Indeed, being open-minded and proposing several options in more open discussions to make it possible to reflect and share decision-making appears to be a communication skill the parents value [25]. In order to engage in such a process, trust must be established between the doctors and the parents. Communicating about the uncertainties, regardless of the categories, can strengthen this trust. The assimilation of the information given and the management of this uncertainty over time by the parents leaves room for reflection [26]. This is fundamental in making decisions about the care plans under the best possible conditions and to keep in line with the parents’ values and beliefs as well as their child’s prognosis [27]. The evolution of a partnership between the physician and the patient is essential since, in its absence, the relationship can deteriorate [19], leading families to doubt the reliability of the information given to them [3], create conflicts and increase parental stress and anxiety. This partnership requires a willingness by both the medical professional and the family. Miller et al. have shown that maintaining good interpersonal relationships also depends on family-related factors such as the frequency of parental visits, any presence of language barriers and the level of the parents’ involvement in care [28]. With an increase in the frequency of partnering in category 3, both the caregivers and parents experience vulnerability. Discussions focus on the plans concerning their child’s life, with each side seeking to humanize their relationship. This partnership should be undertaken from the start to ensure that the keystone of shared decision-making is established [29].

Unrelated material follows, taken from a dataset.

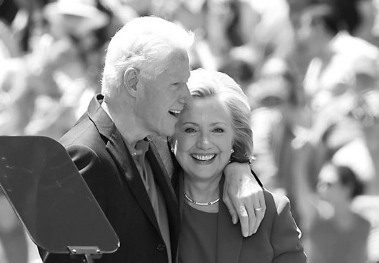 希拉里與克林頓13日在演講活動中秀恩愛。
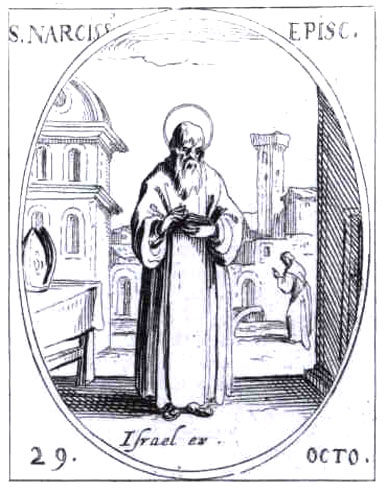 그리스인인 성 나르키수스(또는 나르치소)는 연만한 나이에 예루살렘의 주교로 임명되었지만, 어느 주교보다도 교구 내의 규율을 엄격히 실시하여 명성을 얻었지만, 예루살렘 회의에서 로마(Roma)의 관습들을 지지한 것 때문에 반대자들의 강력한 반란으로 주교좌를 물러나는 불운을 겪었다. 그 후 그는 몇 해 동안 사막의 은수자 생활을 하다가, 예루살렘 주민들의 강력한 요청에 따라 주교좌로 복귀하였고, 성 알렉산데르를 보조자로 임명했는데, 그 이유는 그의 나이가 116세였기 때문이라고 한다.

A great variability in communication styles and interventions can be observed between institutions, cultures and clinicians [30]. This variability can be explained by the uniqueness of each situation, especially in the field of extreme prematurity [30]. Parents value a communication style that facilitates collaboration by offering clear and detailed information, where information is presented in a compassionate way and where there is room for questions [27, 30]. Parents also feel that a communication style based on reassurance facilitates their engagement in a trusting relationship. In this context, their interlocutor should be characterised as sensitive, compassionate, respectful and attentive to their requests and needs [19, 31]. At the same time, professionals find it difficult to adapt the types of communication according to the context and the parents. They say they favour a frame of reference based on the parents’ perceived personality, but the parents’ stress and uncertainty about the care situation can bias their judgement. To ensure that parents understand the reality of their situation, communication should be personalised taking into account sustainability, beliefs, possible disabilities and values [27, 30].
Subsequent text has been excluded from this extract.